6 Comments
User's avatar
Anthony's avatar

Thanks Gabe for putting this case out there. I share a lot of your concerns, as you'd guess. In my view the role of "evals" orgs should ultimately be to evaluate and audit the case that the company has to affirmatively make regarding various properties (safety, controllability, reliability, security, etc.) to an external auditor in order to be granted sometime (relief from liability, license to deploy, license to develop) etc. Current evals do not have this frame and I completely agree that they play into the "default go" paradigm that is fine for normal software tools and impossibly problematic for existentially dangerous one. Evals orgs could, I believe, pivot to evaluating assurance cases, but someone would need to require / incentivize organizations to make them, as they will not do so without that.

Whether they are a net negative is a different case - they do bring problematic capabilities and behaviors to light that might not otherwise come to light, and this is a real service -- but of course contingent on there being anyone paying attention who is capable or willing to act of the basis of the information. So the negative part comes from them being taken as "the thing that is being done to provide safety" while there is no framework in which they can actually do that.

Oliver Sourbut's avatar

Provocative, thought provoking! I have (and had both while and before I worked at UK AISI) similar concerns about the effectiveness of evals as an agenda. They aren't *only* doing evals, though it remains quite central.

Relatedly, UK AISI employees are civil servants, and thus officially have to be somewhat silent in public communications (except via very bureaucratically filtered publication channels). Interestingly several do actually carry on low key public comms on twitter and similar.

Nathan Metzger's avatar

It's another point in the column of "Holly Elmore keeps being right about things."

Avi's avatar

There seems to be tension between wanting both independent evaluation and also for the burden of proof to be on AI companies. If the companies do their own evaluation, the amount of independence is zero.

I'd also be curious what you think about other potential roles of external evaluators, for example increasing awareness of the pace of AI development to policymakers. (E.g., Bernie Sanders mentioned the METR time horizons in his call for a moratorium on data centres - whether this is good policy or not.)

Alvin Ånestrand's avatar

Agree that the evals system seems very broken. But I also think the article overlooks a few things:

If all eval orgs magically disappeared, that wouldn't mean that AI companies suddenly get more pressure to prove that their systems are safe. They could just stay quiet about dangerous capabilities.

Some evals may be highly relevant to specific policy designs. (Granted, this requires that we get regulation in the first place, and advocacy is probably a more neglected right now.)

When we actually get serious policy proposals, it will probably help if these are motivated by serious evaluation research, making it harder to lobby against them.

Stewart's avatar

I saw a recent interview with Bernie Sanders, Eliezer Yudkowsky, Nate Soares, and some other AI safety researchers. For most of the interview they were discussing one of the recent evals where AI models were downplaying capabilities during testing. It seems like having examples from evals like this can be helpful, and I don't know what they would have discussed instead?

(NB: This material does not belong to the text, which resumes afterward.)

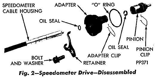 (1) Remove bolt and retainer securing speedometer pinion adapter in the extension housing (Fig. 1).

But I also see what your saying, if evals really were a path to regulation why would the AI companies support them? Maybe they actually believe what they're saying about racing with China and AI being an existential risk. I don't think they're lying when they say their pdoom is 25%, so maybe evals are how they reasure themselves.

My biggest disagreement though is that I can't think of a single technology that was regulated before there was at least some evidence of it being harmful? Human cloning maybe, but that was regulated only after animal cloning. It could be selection bias and that I can't think of any examples because they never caused any harm, but I'm not sure.